KIC and AGRA recently provided entrepreneurship training, business incubation, post-harvest management support, and productive assets across multiple districts in Northern Ghana as part of implementation of the “Expanding, Mentoring and Coaching to Build Capacity and Expand Access to Technical and Financial Resources for Disadvantaged Youth in Agriculture in Ghana Project”.
These interventions in the selected districts have strengthened the technical, entrepreneurial, and business capacities of young women and youth-led enterprises while improving productivity, reducing post-harvest losses, and enhancing access to quality agricultural inputs. The project is aimed at creating employment opportunities for youth in agriculture in these communities.
A total of 306 young women from Tamale, Kumbungu, and Bolgatanga successfully completed intensive entrepreneurship and livelihood skills training in soybean value addition, acquiring practical competencies in processing soybean into tom-brown, cereal blends, chips, and kebabs. The programme also strengthened participants’ knowledge in food safety, quality assurance, packaging, branding, and basic enterprise management to enable the establishment of competitive, market-ready agribusinesses. To facilitate immediate business start-up and transition to youth-in-work, all 306 women entrepreneurs received comprehensive starter packs comprising processing equipment, raw materials, packaging supplies, and sealing machines. This strategic investment reduced start-up barriers, accelerated enterprise creation, promoted value addition within the soybean value chain, and created sustainable pathways for improved household incomes and women’s economic empowerment.

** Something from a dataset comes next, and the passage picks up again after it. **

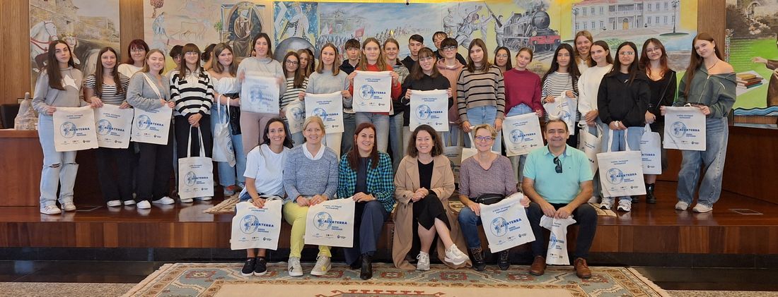 Als nächstes stand der Besuch des Rathauses auf dem Programm. Die Bürgermeisterin hatte eigens für die Austauschteilnehmer eine Fahrt mit dem „Chuchu“, dem Mini-Zug, organisiert. Dieser führte die Gruppe durch die Stadt bis hin zum Rathaus, wo sie von der Bürgermeisterin empfangen und in den imposanten Ratssaal geführt wurden. Die Bürgermeisterin betonte in einer feierlichen Rede die Bedeutung des Schüleraustausches. Gerade der Austausch kultureller Gedanken, wofür Salvaterra als Grenzstadt zu Monção (Portugal) sehr geeignet ist, und das Finden von Gemeinsamkeiten ist ihr zufolge für ein gemeinsames und demokratisches Europa von großer Bedeutung. Als Zeichen der Gastfreundschaft erhielten die Schülerinnen und Schüler eine Stofftasche mit dem gemeinsam erstellten Logo, welches die Partnerschulen repräsentiert.

941 young rice farmers in the Saboba District benefited from specialized mentoring and coaching through post-harvest loss management training. Participants enhanced their knowledge and practical skills in harvesting, drying, threshing, sorting, storage management, transportation, moisture control, and quality assurance, enabling them to adopt improved post-harvest practices that preserve grain quality and minimize losses. To reinforce adoption of these improved practices, all beneficiaries received certified storage sacks, enabling immediate application of the technologies learned. The combined training and input support is expected to significantly reduce post-harvest losses, improve rice quality and market competitiveness, increase enterprise profitability, strengthen household incomes, and contribute to enhanced food security.
The program is further strengthening market systems by facilitating access to quality agricultural inputs for validated youth entrepreneurs and producer groups. A total of 1,036 crop producers received certified seeds, including pepper, tomato, cabbage, maize, soybean, and rice, to improve agricultural productivity and enterprise performance.
Additionally, 586 young women in Kwame Danso in the Sene West District were supported with improved pepper seeds through a strategic partnership with the Association of Women in Organic Vegetables Production–Sene (AWOVPS). This intervention enhanced women’s participation in commercial vegetable production, improved access to high-quality planting materials, strengthened linkages between producer groups and market actors, and positioned beneficiaries to increase yields, generate higher incomes, and build resilient agribusiness enterprises.
These initiatives have increased opportunities for youth employment, women’s economic empowerment, agribusiness growth, food security, value addition, and sustainable livelihoods across the project districts.
KIC works in partnership with government agencies within the respective districts to promote sustainable growth in local communities.